NewScientist‘s Sophia Chen reports (3 December 2016) on the discovery of word life cycles:
THE media tends to interpret culture in annual cycles. Critics publish end-of-year best-of lists and Oxford Dictionaries just selected “post-truth” as its word of the year. But the actual words we use seem to operate on a 14-year cycle.
Marcelo Montemurro at the University of Manchester, UK, and Damián Zanette at Argentina’s National Council for Scientific and Technical Research identified 5630 commonly used nouns and analysed how their popularity changed over the last three centuries.
A curious pattern emerged. They found that English words rose in popularity and then fell out of favour in cycles of about 14 years, although cycles over the past century have tended to be a year or two longer.

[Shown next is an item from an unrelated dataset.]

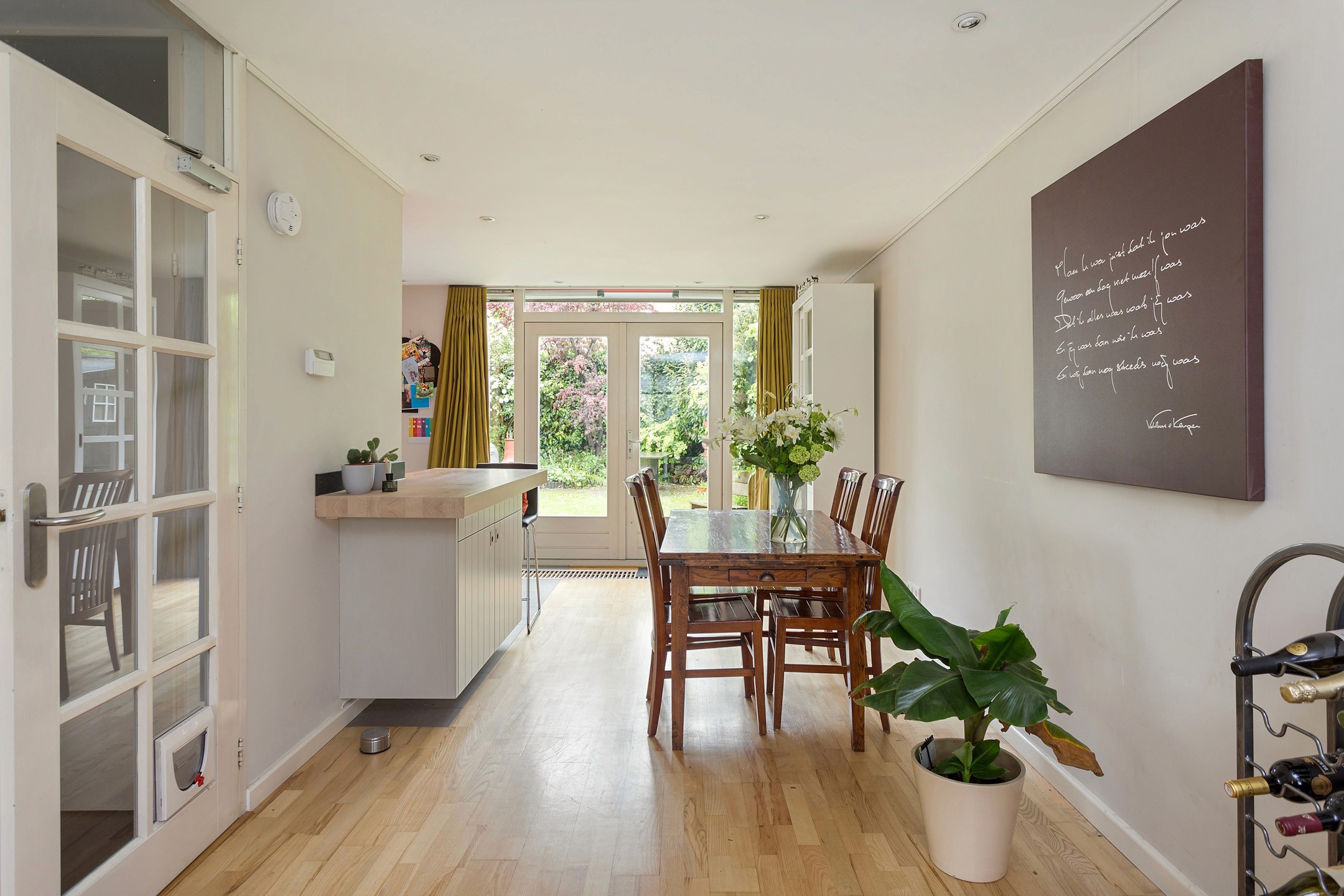 De lichte woonkamer is afgewerkt met een prachtige houten parketvloer en beschikt over een sfeervolle open haard. Via openslaande deuren loopt u direct de zonnige achtertuin in. Deze fijne leefruimte biedt volop mogelijkheden voor ontspanning, werken en gezelligheid.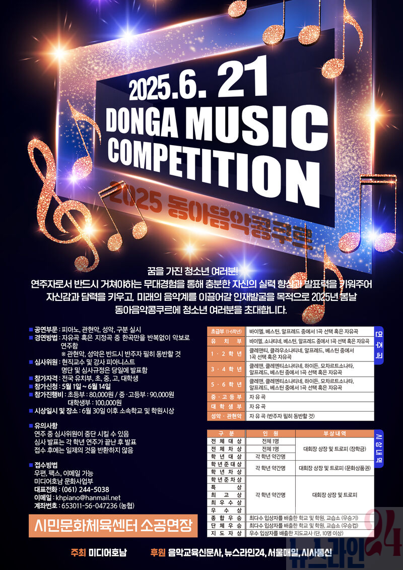 미디어 호남이 주최하는 2025동아음악콩쿠르가 오는 6월 21일 목포시민문화체육센터 소공연장에서 개최 될 에정이다.

They also found evidence of 14-year cycles in French, German, Italian, Russian and Spanish. The popularity of related nouns – such as king, queen and duchess – tended to rise and fall together over time (Palgrave Communications, doi.org/btwd).
They don’t know why – or even if it’s a statistical fluke. I did like the analogy:
These results support previous work suggesting that language evolves in a patterned way, similar to how genes are transmitted from parent to offspring, says Mark Pagel at the University of Reading, UK.
“Language is not all over the place,” he says. “It’s remarkably consistent.”
From the abstract of the academic article:
The specific phase relationships between different words show structure at two independent levels: first, there is a weak global phase modulation that is primarily linked to overall shifts in the vocabulary across time; and second, a stronger component dependent on well defined semantic relationships between words. In particular, complex network analysis reveals that semantically related words show strong phase coherence. Ultimately, these previously unknown patterns in the statistics of language may be a consequence of changes in the cultural framework that influences the thematic focus of writers.